Architecture: Each of the clients have their own network which generates features given the data at the client.
These client models are independent of each other, except that the last layer should produce featuer maps of the same shape.
The network on the server side takes the featuers generated from the client as input and computes the segmentation mask using a much heavier network, like a Segformer.
Training: Training occurs in a round-robin fashion. In each round, one client is chosen. It computes a forward pass using its data and passes features to the server.
The server further computes the predicted mask and computes a loss between the label and the prediction. Next the client weights are updated using the zero order optimization
methods. Followed by this, the server weights are updated using first order optimization. This is continued for several rounds, with each client, thus indirectly benefitting from the server being trained using all clients.

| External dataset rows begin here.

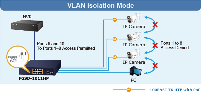 En el modo de operación “Extendido”, el FGSD-1011HP funciona por puerto a una velocidad de funcionamiento dúplex de 10 Mbps, pero puede admitir una salida de energía PoE de 30 vatios a una distancia de hasta 250 metros, superando el límite de 100 m del cable UTP Ethernet. Con esta nueva característica, el FGSD-1011HP proporciona una solución adicional para la extensión de la distancia PoE 802.3af/at, ahorrando así el costo de la instalación del cable Ethernet. Su función de aislamiento VLAN aísla cada puerto para evitar tormentas de transmisión y defenderse de la suplantación de DHCP en el modo de operación "Extender".
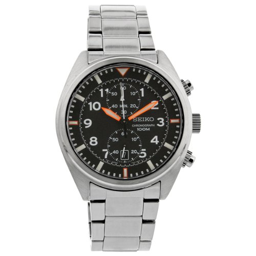Seiko Men's SNN235 Chronograph Black Dial Stainless Steel Watch Product Description:
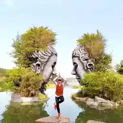 ❤❤❤ The highlight that is recommended and tourists like to take pictures is the point where there is a statue of a person's face facing each other. And we are in the middle of the statue. When looking through the statue in front, you will see a view of the lake.
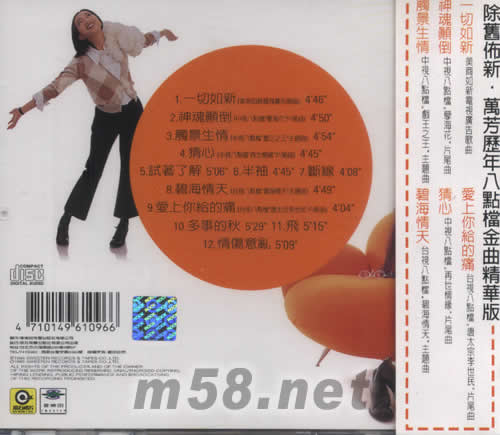 01. 一切如新(美商如新電視廣告歌曲) 02. 神魂顛倒(中視八點檔"孽海花"片尾曲) 03. 觸景生情(中視八點檔"戲王之王"主題曲) 04. 猜心(中視八點檔"再世情緣"片尾曲) 05. 試著了解 06. 半袖 07. 斷線 08. 碧海情天(臺視八點檔"碧海情天"主題曲) 09. 愛上你給的痛(臺視八點檔"唐太宗李世民"片尾曲) 10. 多事的秋 11. 飛 12. 情傷意亂
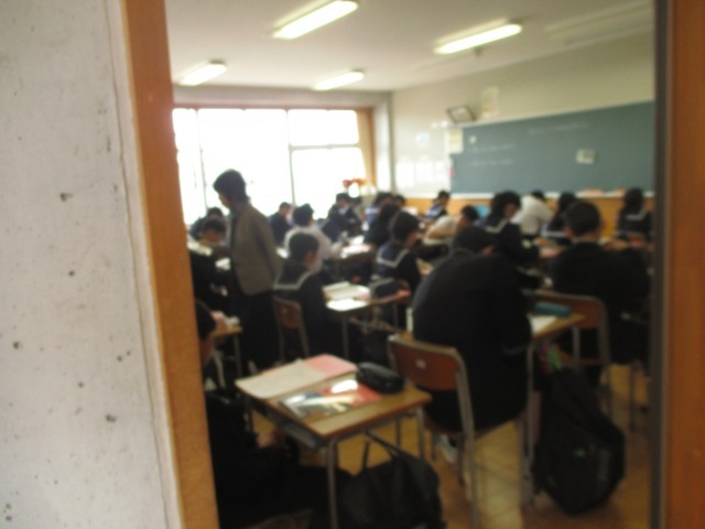 社会では、机より大きい富山市の地図が配られたところでした。さっそく、自分の家はどこか探している人もいたようです。英語の授業の教室からは、発音する大きな声が聞こえました。
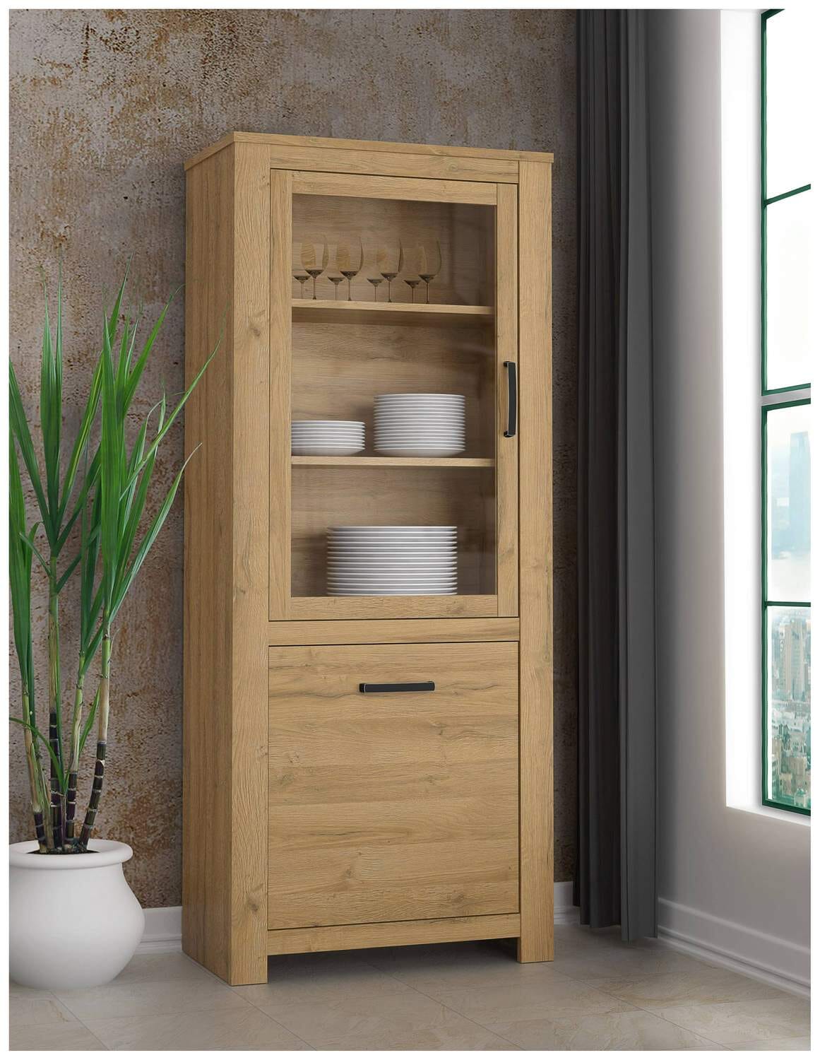 Vitrine HAVANNA 2 Türen 3 Einlegeböden Optik: Alteiche von Forte
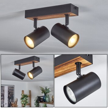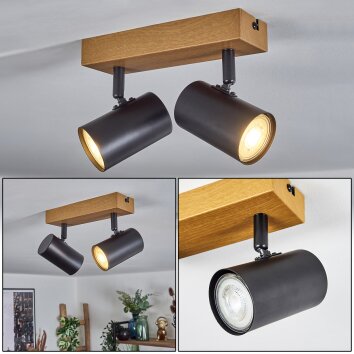 Macos Plafondlamp, Plafondspot LED Bruin, houtlook, Zwart, 1-licht
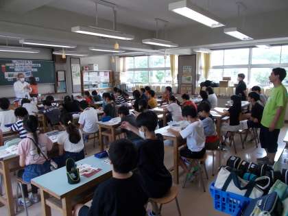 日本醤油協会「しょうゆもの知り博士」の門澤 利夫様をお迎えし、3,4校時に実施しました。写真は3校時6の1の様子です。
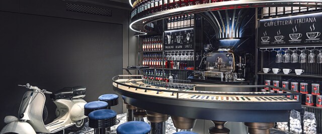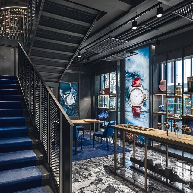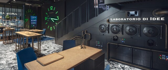 Panerai is the product of distinct traditions rooted in two countries: the sophistication of Swiss watchmaking artistry and an illustrious history of design inheritance from Italy. Situated at 21 Rue du Rhône in Geneva, in one of the most prestigious streets in the world, Panerai proudly unveils its unprecedented flagship store concept named “Modularità Espressiva”: two whole floors characterized by innovative modularity and Italian design blend physical and digital features to deliver a unique sensorial experience. Upon entering the boutique, Panerai’s iconic luminous green wall clock may be the first element to grab customers’ attention, but one of the most striking novelties is the presence of a large videowall on which product can be impressively projected and magnified. TV screens and touchscreen monitors are also available to display details that are of interest, while glassless lightbox displays break down the barrier between customer and product and invite them to interact with the watches.To reinforce this principle of experiential interaction, underneath the staircase leading to the second floor is a corner dedicated to the Laboratorio di Idee, a wall with portholes that “allows customers to touch and see Panerai’s philosophy of creating and developing new materials and movements in a transformative and sustainable way” states Creative Director Alvaro Maggini. This core vision comprised of sustainable building and transformation is echoed in the modular lounge on the second floor. A stunning room with Italian furniture and iconic design pieces adorn the bright space, complemented by Italian literature and design books and, of course, some of the most prestigious high complication and special edition Panerai references. The lounge can undergo a rapid transformation and become an elegant dining room in occasion of press and client events. When not in the lounge, clients are invited to visit the next-door bar area. The bar in Art Deco style comprises one of the main elements in this area, a dual space that functions both as a café and drinks bar as well as an interactive rotating shelf through which customers can play and discover their favorite strap and case combination. A moveable platform follows the curve of the bar and allows customers to enjoy an Italian coffee or signature aperitivo during the experience. The bottom of the bar structure is composed of ten containers holding ten different coffee beans from around the world, turning a core component of Italian culture and habit into an impressive piece of art. An original Vespa from 1956 and a beautiful library housing glassless product displays and Italian vintage elements complete the setting. A modular stand-alone display shelf area can be used to highlight the novelties of the moment or major partnerships: when needed however, these shelves can be folded down onto themselves to create further walking space. The peak of the floor’s animation however is in the shape of a curious periscope, behind which customers can see relevant Panerai stories unfold. This new creative concept, “Modularità Espressiva”, will be soon adopted in Panerai boutiques all over the world, redesigning the brands’ relationship with its customers.
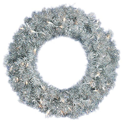 Vickerman 30" Pre-Lit Sparkling Silver Tinsel Artificial Christmas Wreath - Clear Lights
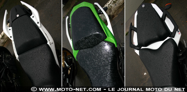 "Caractéristique" donc, la posture du pilote sur la Fazer n'est pas sans évoquer celle d'un culturiste bodybuildé. Elle conviendra aux amateurs du genre, mais les gros rouleurs lui préfèreront sans doute celle plus reposante de la Honda, voire celle de la Kawasaki.
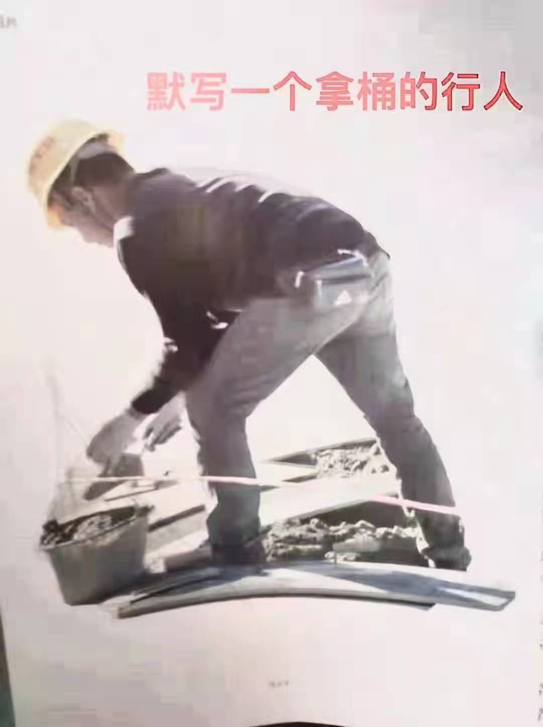速寫考題:雙人動(dòng)態(tài)組合,1個(gè)彎腰干活的泥水匠(照片)+ 1個(gè)拿桶的行人(默寫)
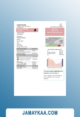 California PG&E (Pacific Gas and Electric Company) business utility bill
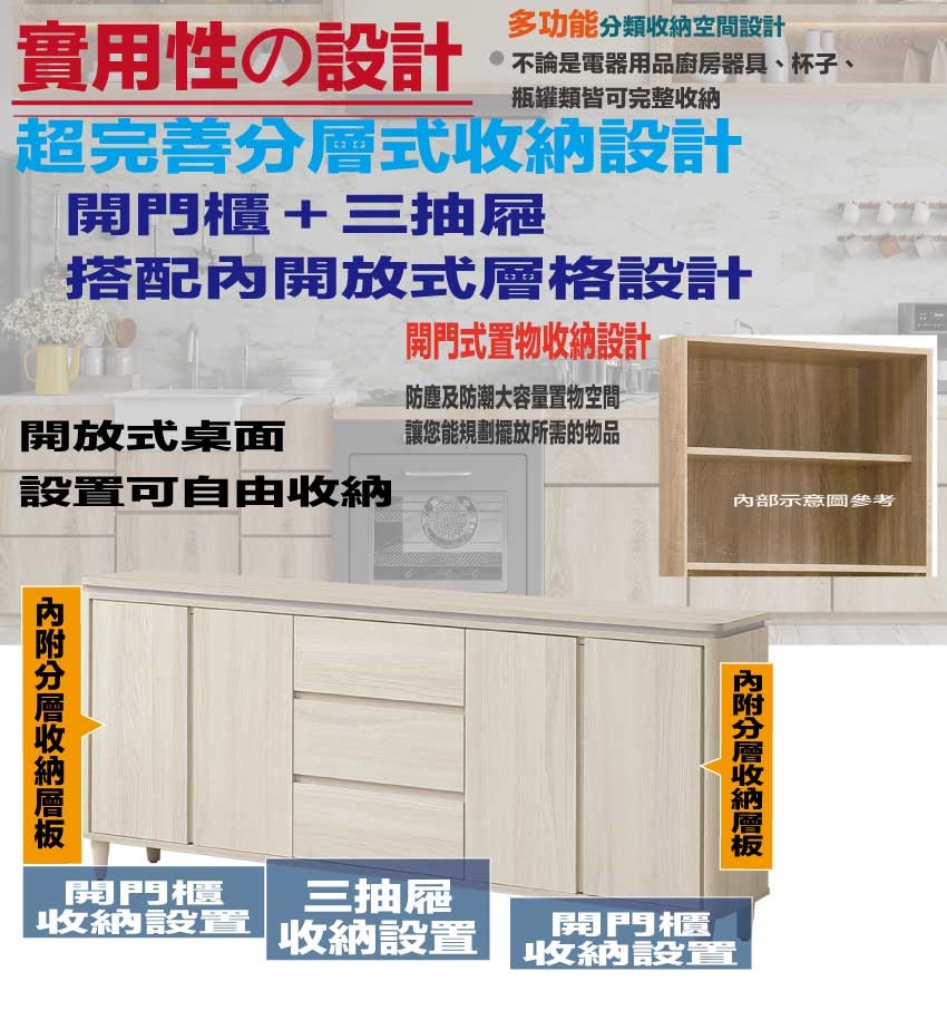 搭配採用開門櫃+三抽屜+內開放層格等收納空間設計
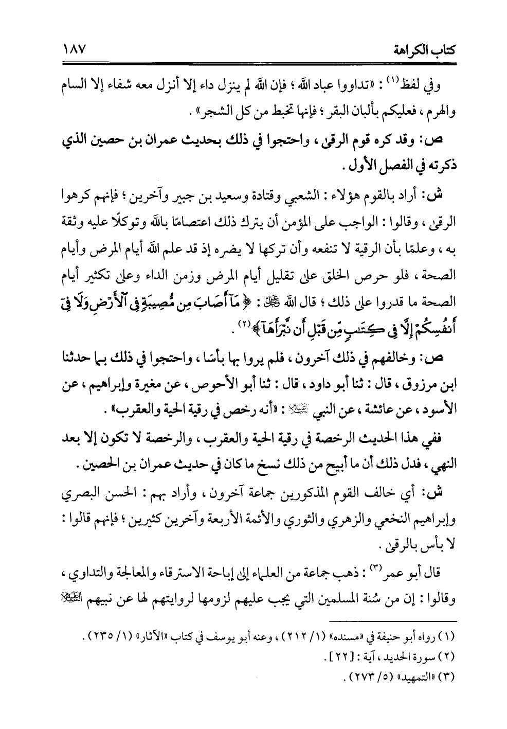 ش: أراد بالقوم هؤلاء: الشعبي وقتادة وسعيد بن جبير وآخرين؛ فإنهم كرهوا الرقي، وقالوا: الواجب على المؤمن أن يترك ذلك اعتصامًا بالله وتوكلًا عليه وثقة به، وعلمًا بأن الرقية لا تنفعه وأن تركها لا يضره إذ قد علم الله أيام المرض وأيام الصحة، فلو حرص الخلق على تقليل أيام المرض وزمن الداء وعلي تكثير أيام الصحة ما قدروا على ذلك؛ قال الله -عز وجل-: {مَا أَصَابَ مِنْ مُصِيبَةٍ فِي الْأَرْضِ وَلَا فِي أَنْفُسِكُمْ إِلَّا فِي كِتَابٍ مِنْ قَبْلِ أَنْ نَبْرَأَهَا} (¬2).
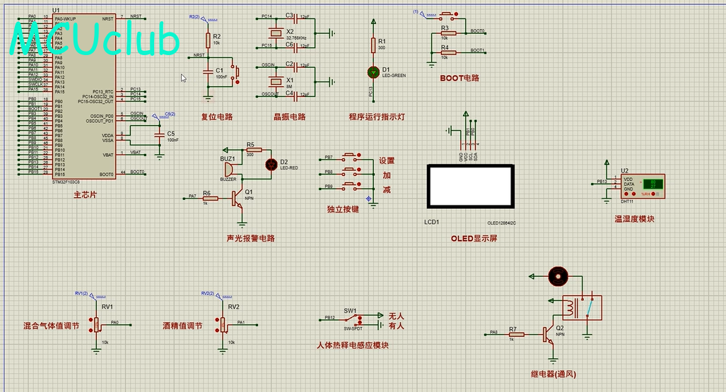 注意:部分实物元器件仿真中没有,仿真中会用其他工作原理相似的元件代替,这样可能导致实物程序和仿真程序不一样
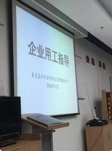 2016年12月15日下午,應秦皇島市人力資源和社會保障局勞動關系科的邀請,公司作為標桿企業在金色未來商廈參加了企業用工指導會議。
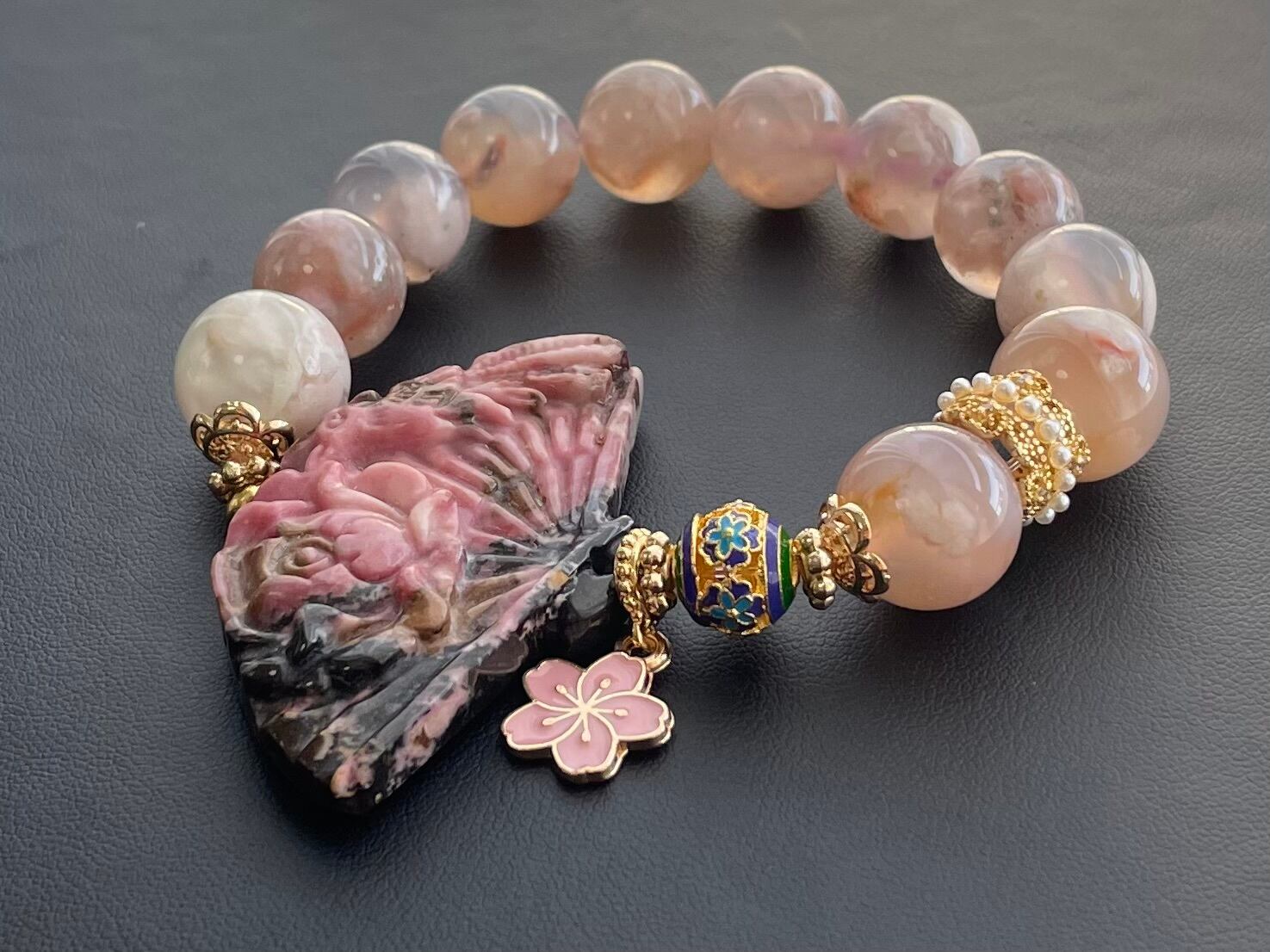 桜瑪瑙 ロードナイト彫刻 デザインブレスレット
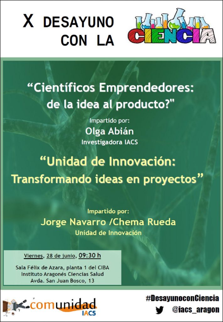 El Instituto Aragonés de Ciencias de la Salud organiza el «X Desayuno con la Ciencia», el próximo viernes, 28 de junio a las 9.30 horas en la Sala Félix de Azara del Edificio CIBA.
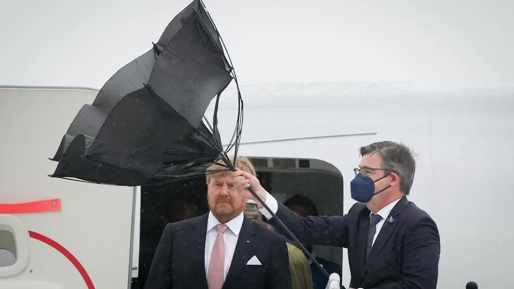 Zu einer kleinen Panne kam es, als König und Königin im strömenden Regen aus dem Jet stiegen. Der Schirm eines bereitstehenden Mitarbeiters klappte im Wind um und musste gebändigt werden. König Willem-Alexander trug Anzug, Krawatte und Bart. Máxima kam im hellen Sommerkleid mit Handschuhen, umgehängter Jacke und Hut. Auf dem Rollfeld trugen dann beide wegen der Corona-Pandemie Gesichtsmasken.
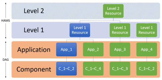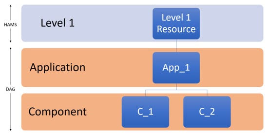 The starting point is the two levels usually considered in DAGs (Application and Component), to which N additional levels are added that allow for the management of applications at different levels. Therefore, we define the Application Structure concept as the composition of the two DAG levels and the N HAMS upper levels. In general, each level acts as a manager of the elements of its lower level. As an instance, Figure 4 shows an example of a HAMS where N = 1. An application formed by two components is assigned to a Level 1 Resource.
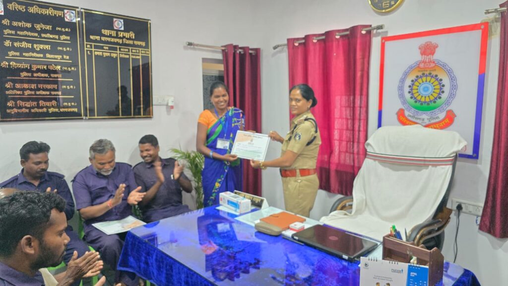 पुलिस अधीक्षक दिव्यांग पटेल के निर्देशन में जिलेभर में अपराध रोकथाम के लिए जनभागीदारी को बढ़ावा देने का प्रयास किया जा रहा है। इसी कड़ी में थाना प्रभारी धरमजयगढ़ निरीक्षक कमला पुसाम द्वारा अपने क्षेत्र में समाजसेवी भावना से जुड़े लोगों को विशेष रूप से सम्मानित किया गया। सम्मान पाने वालों में पार्षद टार्जन भारती, पार्षद विजय यादव, विमला खेस, बालमति एक्का सहित ग्राम कोटवार, स्वास्थ्य विभाग की स्टॉफ नर्सें, फॉरेस्ट विभाग के कर्मी और स्वच्छता अभियान से जुड़ी दीदियों के नाम प्रमुख रहे।
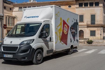 Felanitx, Spain; april 07 2022: Delivery van of the potato French fries company Lays and Doritos, parked in a central street of the Mallorcan town of Felanitx, Spain
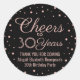 Add a personalized finishing touch to birthday party thank you notes or favors with custom pink and black round stickers / envelope seals. All text is simple to customize or delete. This template is set up for a 30th birthday for her, but can easily be changed to another year or event, such as an anniversary. Design features pink rose gold faux foil confetti dots on a black background, stylish script calligraphy "Cheers to 30 years," and modern minimalist typography customizable message at bottom. Please note that pink is printed color, not metallic foil.
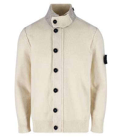 [홍콩명품.Stone Island] 스톤아일랜드 25SS 로고 탈부착 하이넥 니트 가디건 자켓 (아이보리), BM22784, JL, 레플리카의류,미러급사이트 > 남자의류
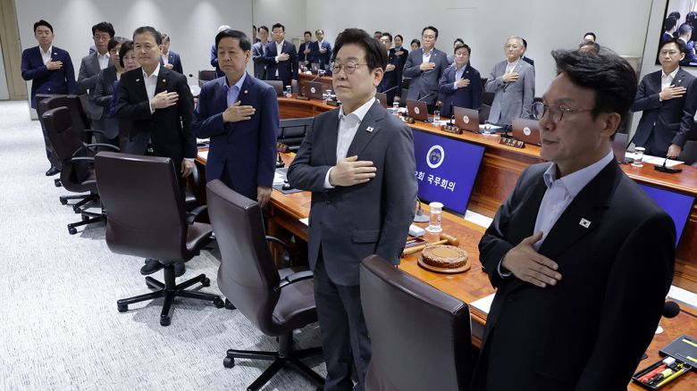 ▲ 이재명 대통령이 22일 서울 용산 대통령실 청사에서 열린 국무회의에서 국기에 경례를 하고 있다.
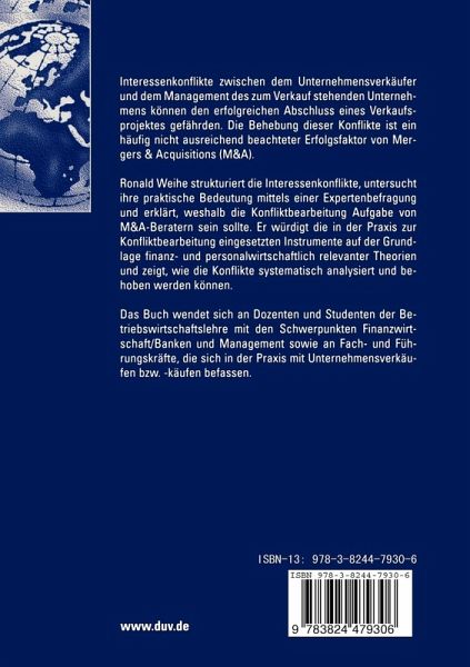 Ronald Weihe strukturiert die Interessenkonflikte, untersucht ihre praktische Bedeutung mittels einer Expertenbefragung und erklärt, weshalb die Konfliktbearbeitung Aufgabe von M&A-Beratern sein sollte. Er würdigt die in der Praxis zur Konfliktbearbeitung eingesetzten Instrumente auf der Grundlage finanz- und personalwirtschaftlich relevanter Theorien und zeigt, wie die Konflikte systematisch analysiert und behoben werden können.
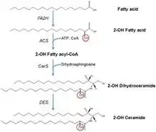- Uchida Y, Hama H, Alderson NL, Douangpanya S, Wang Y, Crumrine DA, Elias PM, Holleran WM (May 2007). "Fatty acid 2-hydroxylase, encoded by FA2H, accounts for differentiation-associated increase in 2-OH ceramides during keratinocyte differentiation". The Journal of Biological Chemistry. 282 (18): 13211–9. doi:10.1074/jbc.M611562200. PMID 17355976.

However, this can lead to the common problem of catastrophic forgetting where training with a client can make the server forget information from the previous client. Hence, after training the server in each round, it updates a
hashmap with the key being the client index, and the value being the server weights after training with the client.
Inference: During inference, the client passes its feature maps to the server. The server uses the index of the client to query
the hashmap and retrieves the server weights which were last trained with that client. It then computes the predicted segmentation mask. Note that since the hashmap is only updated duringtraining and used during inference, it makes sure
that the server weights get trained from every client. After multiple rounds, it learns a rich set of representations.